Sorry it has been so long since my last post. There has been so many things in the works and so many lessons learned.
I have been reading other people's blogs about art, business and felting and it has gotten me thinking. Why am I doing what I am doing...
February was a huge learning curve for me. I had been contacted about doing some felt pigs for a small publishing company out west and got really excited about it. I did two sample pigs but did not ask for a deposit. First lesson learned! Always ask for a deposit. I now have two storybook pigs that hopefully someone will fall in love with.
I started timing myself on my work and realized that I really undervalue myself and my work. Felting is a much misunderstood art form. My friend Laura wrote a fantastic blog post on art and business that started this evaluation of artistic worth. Then I happened upon Feltoohlala's blog. When I first started needle felting this is the artist I showed my family to explain what could be aspired to. I deeply admire this artist's work. She wrote a wonderful piece on the artistry of needle felting and what a dis-service we do to other felt artists by underpricing our work. New artists are a pretty insecure lot and I am no exception. I find myself holding my breath when people look at my work, praying they will buy it and when they don't I feel slightly crushed and questioning my worth.
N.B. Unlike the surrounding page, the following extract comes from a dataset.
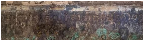
ภาพที่ 4 จารึกที่ฐานพระพุทธรูป บรรทัดแรก ... สกราชใด ๙๔๙ ตัว ผู้เปนเคาสธ...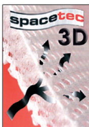
dossier SPACETEC polyester 3 dimensions

When I post a piece on my etsy shop or on my my meylah store I check it several times a day to see how many views it gets. Reading Feltoohlala's posting made me realize that I had to change my thinking.
Internet sales is time consuming and costly. I post a piece, pin it, wanelo it, tumblr it, revise it etc. Then there is the Facebook posting and tweeting, many times without to much feedback from fans and followers. I update my webpage, make sure the stores and fairs are up and update the gallery sections. It costs monetarily and time wise. These are things I didn't consider when I opened for business a year ago. Now blogging....
I have had some pretty good success with consignment and wholesale locally but I am having to rethink my wholesale pricing (refer to former paragraphs). I am getting accepted into craft shows that were once places I shopped and there is a good possibility that I will have a couple of galleries interested. A local theater may want to use me for masks and that is thrilling. I get treasured and favorite on Etsy, I won a contest on Meylah and hopefully this will translate into sales.
I never thought I would find such an art form that excites me as much as wool sculpting does. I really have never been happier then I have been felting (besides being the pixie's mom). In fact I am so happy that I am thinking of letting go of my social work license. That's right, I am a medical social worker and I find myself thinking that I really don't want to go back to it. I really want to make this work because for once in my life I really really love what I am doing.
So that is all the random thoughts for this month...thanks for reading!